While you, like me, are enjoying this year’s NBA playoffs, and while you, like me, are cheering for a Suns–Hawks Finals, remember what kind of man is coaching Phoenix. Just under seven years ago Sports Illustrated wrote an extensive piece about Ryan Anderson, who at the time played for the New Orleans Pelicans. The story was about the circumstances surrounding the suicide of Anderson’s girlfriend, and the personal and emotional fallout afterward. Monty Williams, now coach of the Phoenix Suns, was the New Orleans coach that year. Here is how Williams, a devout Christian, responded to Anderson’s crushing shock and grief:

Pelicans coach Monty Williams hurrying in with a team security guard and finding Ryan slumped on the carpet, his back to the door, unable to rise. Williams dropping to his knees and hugging his player, the two men rocking back and forth. . . .

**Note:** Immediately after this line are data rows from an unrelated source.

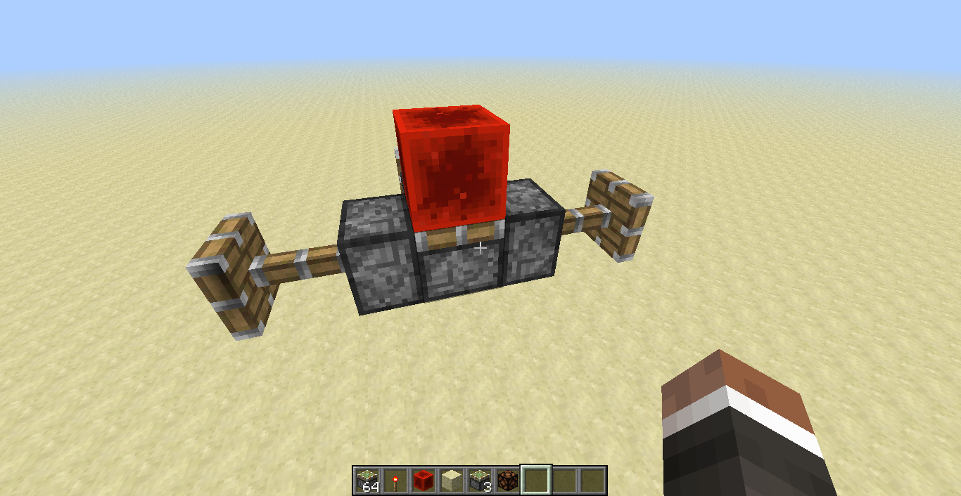 1.Place a sticky piston with its sticky side facing up 2 blocks above the ground
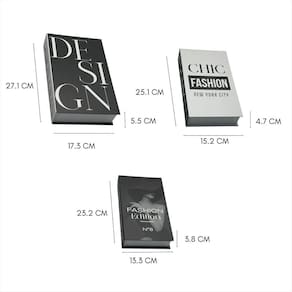 Transforme Seu Ambiente com Elegância e Estilo Dê um toque sofisticado à sua decoração com este Conjunto de Caixas Decorativas de Papel. Inspirado no universo fashion, cada peça apresenta um design exclusivo em preto e branco, trazendo glamour e modernidade para qualquer espaço. Um porta objetos que dará um destaque melhor e mais elegante em sua própria personalidade. Destaques do Produto: -Design refinado e temático de moda -Impressão de alta qualidade com detalhes elegantes -Perfeito para colocar objetos dentro de forma discreta e decorar estantes, prateleiras e mesas -Leve e fácil de posicionar em diferentes ambientes Seja para um home office mais estiloso, um quarto charmoso ou uma sala com personalidade, esse conjunto é a escolha ideal para quem busca beleza e sofisticação. Adicione um toque fashion ao seu espaço e impressione com um ambiente cheio de atitude e classe Especificações Técnicas:Cor: DesignMaterial: PapelCaixa 1 - Medidas Aproximadas: Altura: 3,8 cm x Largura: 13,3 cm Comprimento: 23,2 cmCaixa 2 - Medidas Aproximadas: Altura: 4,7 cm x Largura: 15,2 cm Comprimento: 25,1 cmCaixa 3 - Medidas Aproximadas: Altura: 5,5 cm x Largura: 17,3 cm Comprimento: 27,1 cmImagens IlustrativasComposição da Embalagem:3 Caixas Decorativas
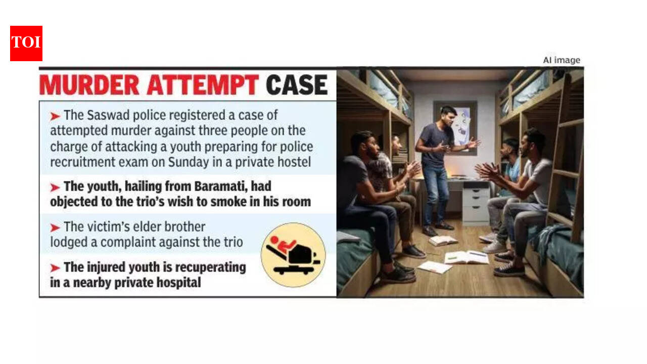पीडितेच्या रूममेटने त्याच्याशी संपर्क साधून रविवारी रात्री झालेल्या हल्ल्याची माहिती दिल्यानंतर पीडितेच्या मोठ्या भावाने तिघांविरुद्ध तक्रार दाखल केली. पोलिसांनी तीन हल्लेखोरांविरुद्ध खुनाच्या प्रयत्नाचा गुन्हा दाखल केल्याचे सांगितले.पीडित महिला बारामती येथील असल्याचे सासवड पोलीस अधिकाऱ्याने सांगितले. तो गेल्या एक वर्षापासून सासवडमध्ये पोलीस भरती परीक्षेची तयारी करत असून वसतिगृहात राहत होता.रविवारी रात्री पीडितेचे पूर्वीचे रूममेट्स त्याच्या खोलीत आले आणि त्यांना तेथे पार्टी करायची असल्याचे सांगितले. एका पोलिस अधिकाऱ्याने सांगितले की, “पीडित आणि त्याच्या इतर रूममेट्सनी त्यांना तसे करू दिले नाही.”त्यानंतर पीडित मुलगी जेवणासाठी मेसमध्ये गेल्याचे त्यांनी सांगितले. तो आपल्या खोलीत परतल्यानंतर तिघांच्या तिथे धूम्रपान करण्याच्या इच्छेवर त्याने आक्षेप घेतला. त्यानंतर पोलिसात नोकरीसाठी इच्छुक आणि अन्य तिघांमध्ये वाद सुरू झाला.“तिघांनी त्याला शिवीगाळ केली आणि धारदार शस्त्राने त्याच्यावर प्राणघातक हल्ला केला. पीडितेच्या मानेला आणि उजव्या खांद्याला गंभीर दुखापत झाली,” असे अधिकारी म्हणाले, पोलिसांनी दोन आरोपींची ओळख पटवून दिली आहे.
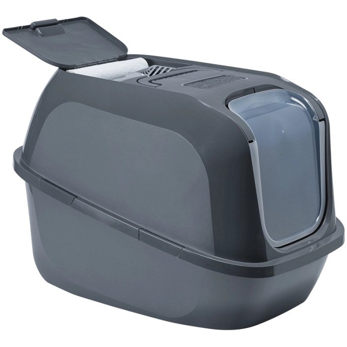 • вбудований вугільний фільтр у кришці туалету активно поглинає неприємні запахи всередині конструкції і не випускає їх назовні. Фільтр змінний. ВАЖЛИВО! Якщо ви використовуєте кварцовий або поглинальний глиняний наповнювач для котячого туалету, вугільний фільтр необхідно обов’язково зняти!;
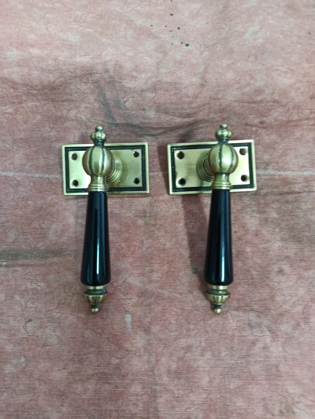 DOS MANIVELAS TIRADORES PUERTAS BRONCE Y BAQUELITA

As a crowd milled outside the apartment complex, Williams and the security guard hoisted up Ryan, who was limp and drenched with tears and sweat, too hysterical even to walk. They dragged Ryan to the elevator and then into a waiting car, the tops of his feet, still wedged into flip-flops, scraping the asphalt so hard that his toes still bear thick white calluses more than a year later.

As they drove in silence, Williams kept thinking that it was fine if he blew a game, but he couldn't mess up now. Once home, he huddled with his wife, Ingrid, and Ryan in the family room, praying. Ingrid's brother had committed suicide recently. She knew not to say it was going to be O.K., because it wasn't. "This is going to be hard for a long time," she told Ryan.

That night, as the family pastor came and went, Ryan cried so much that it felt as if he were dry heaving or bleeding internally. Each convulsion ripped his insides apart.

Around 1 a.m., at Ingrid's urging, Monty brought one of his sons' mattresses down to the living room. There the two men lay through the night, Ryan curled on the sofa and his coach on the floor next to him. When Ryan wanted to talk, they talked. Otherwise there was only his muted sobbing. Finally, just after the sun came up, Ryan fell into a fitful sleep.

At the time, I learned of the SI piece via Deadspin, which similarly quotes this excerpt. Go read the rest here. (And read this, too, if you can stand it.) And as you’re following the conference finals, and when you notice that poised, intelligent, humane man on the Suns sidelines, send him a cheer or a prayer or good vibes or what have you. This Spurs fan is hoping he reaches the finish line.